● PROBLEM DETAILS
For the listing below, the answer is an exact retyping of the lines from the one with "Вариант 3-14 Для D триггера F(6,5,7,4,3,1)" through the one with "Jadeite Buddha Pendant", both included, without pictures.

● SUPPLIED DATA
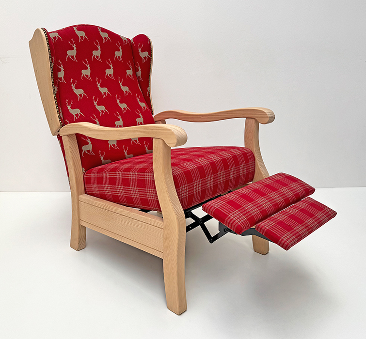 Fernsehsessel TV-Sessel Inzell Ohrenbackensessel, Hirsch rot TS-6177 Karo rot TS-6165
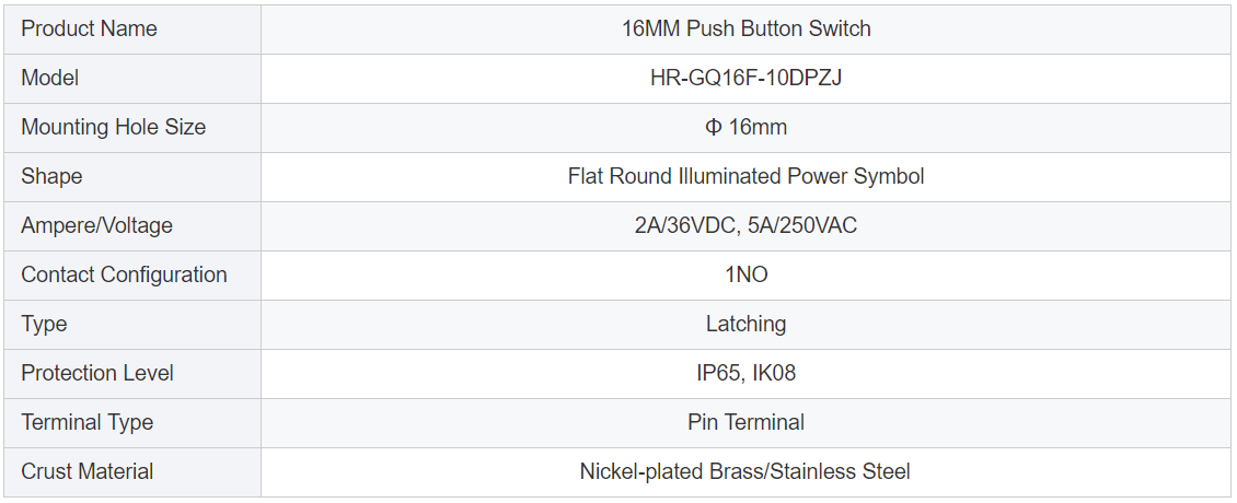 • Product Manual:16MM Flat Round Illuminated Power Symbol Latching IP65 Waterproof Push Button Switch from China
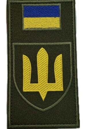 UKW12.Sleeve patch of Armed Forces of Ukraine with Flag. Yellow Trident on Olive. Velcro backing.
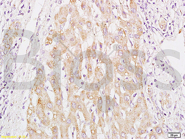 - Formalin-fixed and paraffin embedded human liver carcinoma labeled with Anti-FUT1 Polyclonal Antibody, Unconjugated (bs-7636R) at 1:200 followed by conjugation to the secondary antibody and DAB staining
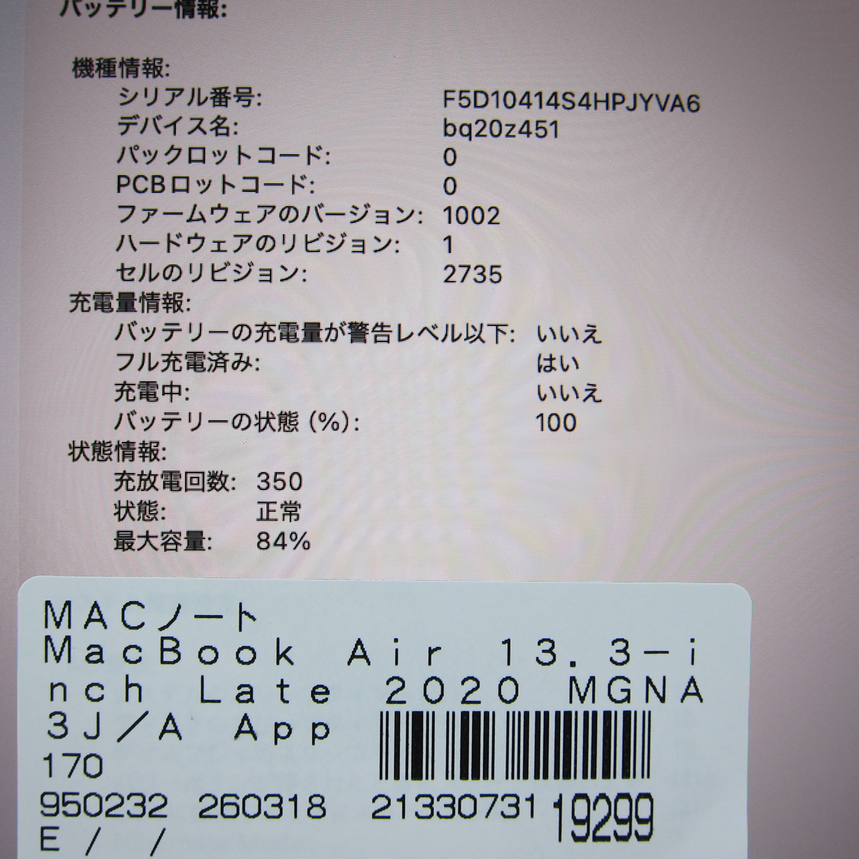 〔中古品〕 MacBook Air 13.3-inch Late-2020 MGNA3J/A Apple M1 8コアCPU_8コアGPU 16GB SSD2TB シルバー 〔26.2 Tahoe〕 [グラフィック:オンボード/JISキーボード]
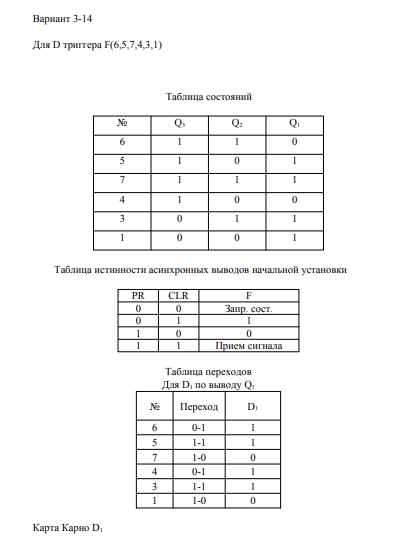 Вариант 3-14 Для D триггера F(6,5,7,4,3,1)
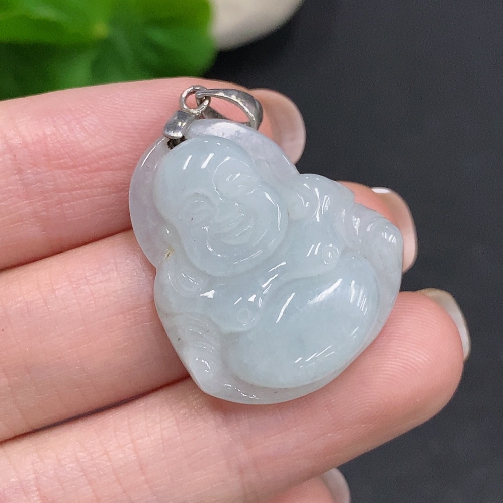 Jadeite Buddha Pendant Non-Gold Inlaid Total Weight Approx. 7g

* * *

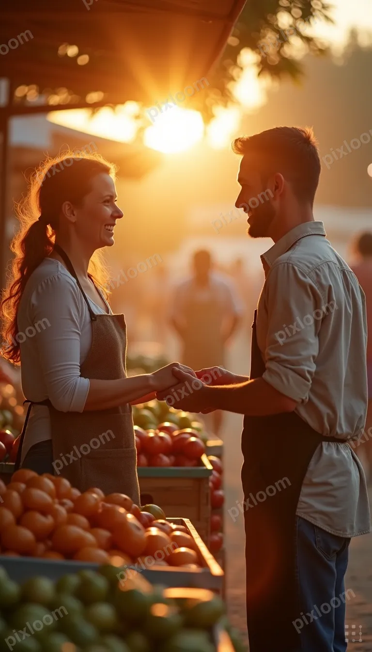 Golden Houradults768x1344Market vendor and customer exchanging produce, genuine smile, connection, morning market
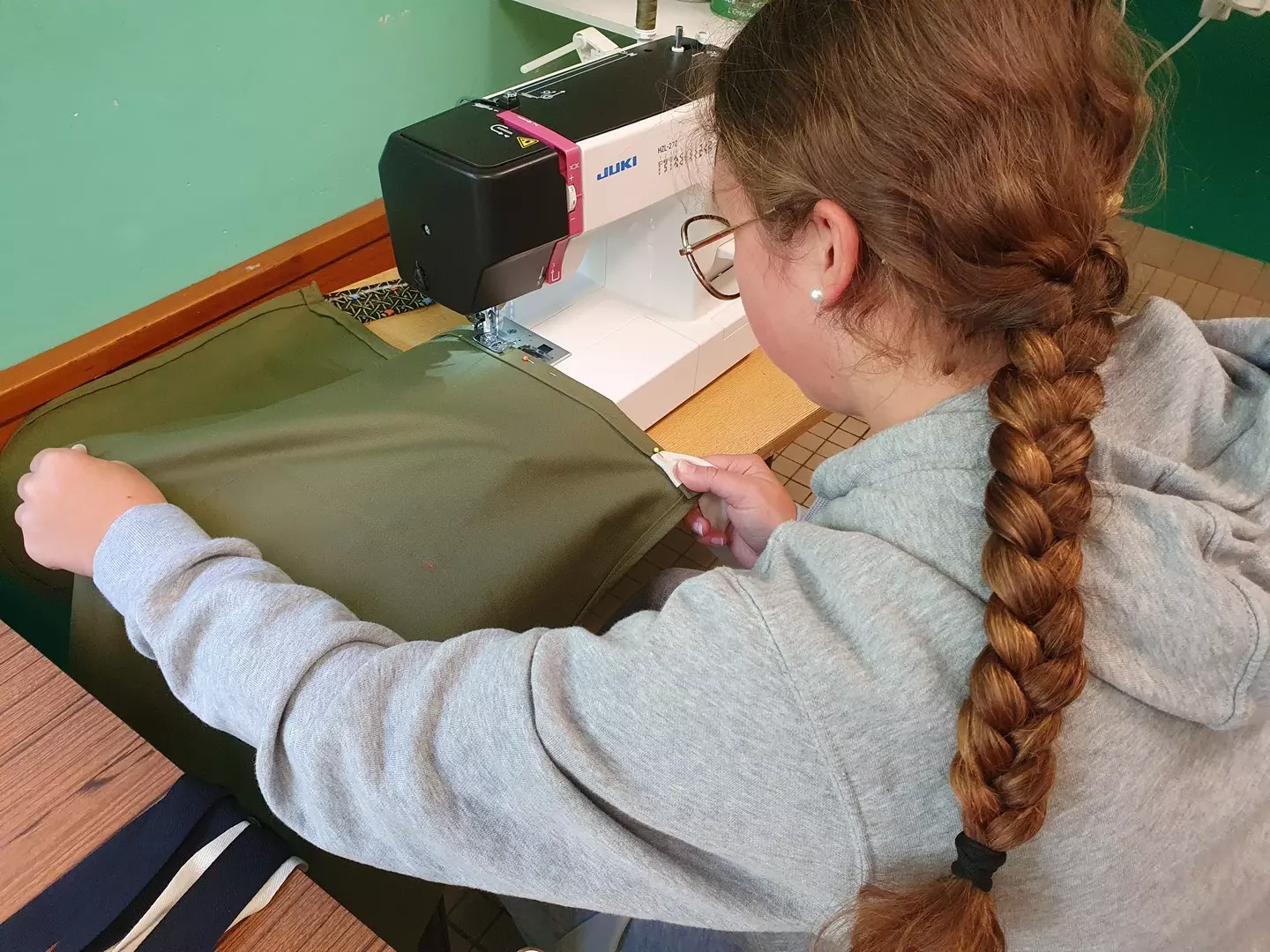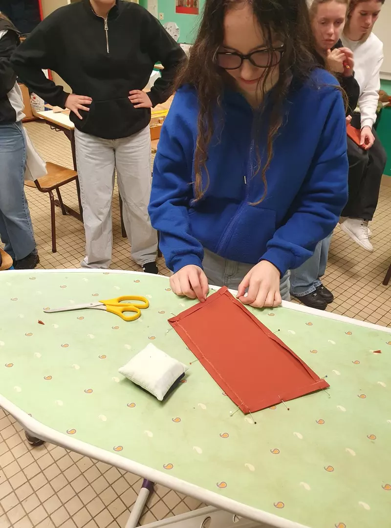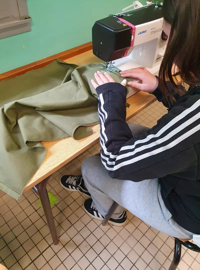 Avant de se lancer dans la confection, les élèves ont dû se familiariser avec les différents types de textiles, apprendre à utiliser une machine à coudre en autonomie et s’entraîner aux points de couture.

● YOUR SOLUTION
 Вариант 3-14 Для D триггера F(6,5,7,4,3,1)
 Jadeite Buddha Pendant Non-Gold Inlaid Total Weight Approx. 7g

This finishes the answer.